P < .05; **P < .01; ^†compared to tertile 3 (upper); values in bold indicate statistical significance (P < .05).

Discussion

The current study investigated the association between intake of individual food groups and frailty in a cohort of community-dwelling adults aged ⩾65 years in Ireland. The prevalence of pre-frailty and frailty in the study sample was 34.5% and 12.0%, respectively. These findings are similar to those reported on a national level by The Irish Longitudinal Study of Ageing (TILDA)⁸ when the same method of classification was used, and are in line with the overall estimated prevalence of frailty among European community-dwelling elderly.³⁰

This study revealed a significant association between frailty and dietary intake; specifically with intakes of fish, fruit and vegetables, potatoes, fats and oils and sugars and snacks. One of the strongest relationships observed was between fish and fish products and frailty, with those in the lowest tertile of intake being 3.04 times more likely to be frail, compared to those with the highest intakes (P = .016). This relationship may be explained by the rich content of high quality protein and branch chain amino acids (BCAAs) found in fish.³¹ Dietary protein plays a well-recognised role in muscle health and strength in older adults¹⁷ by stimulating muscle protein synthesis through activation of the target of rapamycin (TOR) in skeletal muscle.³² This is an important consideration for older adults, as the muscle protein synthesis response to protein ingestion becomes blunted with ageing.³³ Fish may thus provide a valuable protein source to those at risk of functional decline and promoting fish intake is worthy of investigation for frailty prevention. Interestingly, however, no association was observed between frailty and meat intake, the primary protein source in the Irish diet.³⁴ This may be explained by the types of meat habitually consumed by the Irish population. Ham and bacon are the top sources of meat in Ireland, consumed by 73% of the population.³⁴ These products can be highly processed and high in salt and fat, excessive intakes of which have several health implications,³⁵ possibly counteracting any benefits of the rich protein content on frailty status.

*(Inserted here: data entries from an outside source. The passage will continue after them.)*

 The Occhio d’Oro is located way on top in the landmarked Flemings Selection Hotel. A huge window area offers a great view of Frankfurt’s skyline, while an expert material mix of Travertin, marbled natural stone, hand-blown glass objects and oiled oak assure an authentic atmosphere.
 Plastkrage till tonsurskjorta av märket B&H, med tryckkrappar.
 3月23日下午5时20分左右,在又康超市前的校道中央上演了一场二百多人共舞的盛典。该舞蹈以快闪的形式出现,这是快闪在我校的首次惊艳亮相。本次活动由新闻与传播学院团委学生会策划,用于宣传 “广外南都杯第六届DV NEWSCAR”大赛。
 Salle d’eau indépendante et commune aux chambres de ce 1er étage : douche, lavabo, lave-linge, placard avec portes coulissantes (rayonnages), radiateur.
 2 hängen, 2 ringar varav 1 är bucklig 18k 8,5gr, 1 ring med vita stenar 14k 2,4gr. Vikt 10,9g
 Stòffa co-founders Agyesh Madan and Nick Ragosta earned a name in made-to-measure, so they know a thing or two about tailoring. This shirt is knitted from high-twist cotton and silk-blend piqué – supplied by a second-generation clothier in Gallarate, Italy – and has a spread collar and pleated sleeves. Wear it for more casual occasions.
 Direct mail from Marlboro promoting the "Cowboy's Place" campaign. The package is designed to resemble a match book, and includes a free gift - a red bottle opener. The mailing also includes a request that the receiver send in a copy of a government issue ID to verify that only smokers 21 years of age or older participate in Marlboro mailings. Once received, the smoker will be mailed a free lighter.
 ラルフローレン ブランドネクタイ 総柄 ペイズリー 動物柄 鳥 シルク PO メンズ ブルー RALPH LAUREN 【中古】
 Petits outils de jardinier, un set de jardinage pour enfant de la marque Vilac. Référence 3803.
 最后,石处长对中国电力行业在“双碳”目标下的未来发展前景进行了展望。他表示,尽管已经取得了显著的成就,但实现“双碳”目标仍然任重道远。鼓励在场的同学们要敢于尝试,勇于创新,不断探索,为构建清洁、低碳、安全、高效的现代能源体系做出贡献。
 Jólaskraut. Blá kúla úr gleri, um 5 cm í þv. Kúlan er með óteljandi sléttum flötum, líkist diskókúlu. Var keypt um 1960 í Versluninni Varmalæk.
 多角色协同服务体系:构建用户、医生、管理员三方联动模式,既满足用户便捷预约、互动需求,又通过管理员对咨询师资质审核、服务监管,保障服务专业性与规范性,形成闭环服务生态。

The current study indicates that fruit and vegetable consumption is also associated with frailty status, with a low intake translating to a 4.34 higher odds of being frail (P = .002). This finding is consistent with prior research in European older adults.³⁶ Fruit and vegetables are rich in fibre and micronutrients, each with a specific role in preventing the onset of several diseases and health conditions,³⁷ possibly translating to a lower frailty risk. Additionally, fruit and vegetables are a rich source of phytochemicals, a number of which function as antioxidants³⁷ and some bearing strong anti-inflammatory properties.³⁸ Oxidative stress and inflammatory markers are both elevated in frail persons.^39,40 Higher oxidative stress can contribute to muscle atrophy,⁴¹ while similarly, inflammation is linked to measures of muscle mass, strength and function in older subjects.⁴² It is likely, therefore, that these properties contribute to the relationship observed. Despite their potential, however, increasing fruit and vegetable intake is yet to feature in frailty interventions, and clinical trials are warranted to explore this prospect.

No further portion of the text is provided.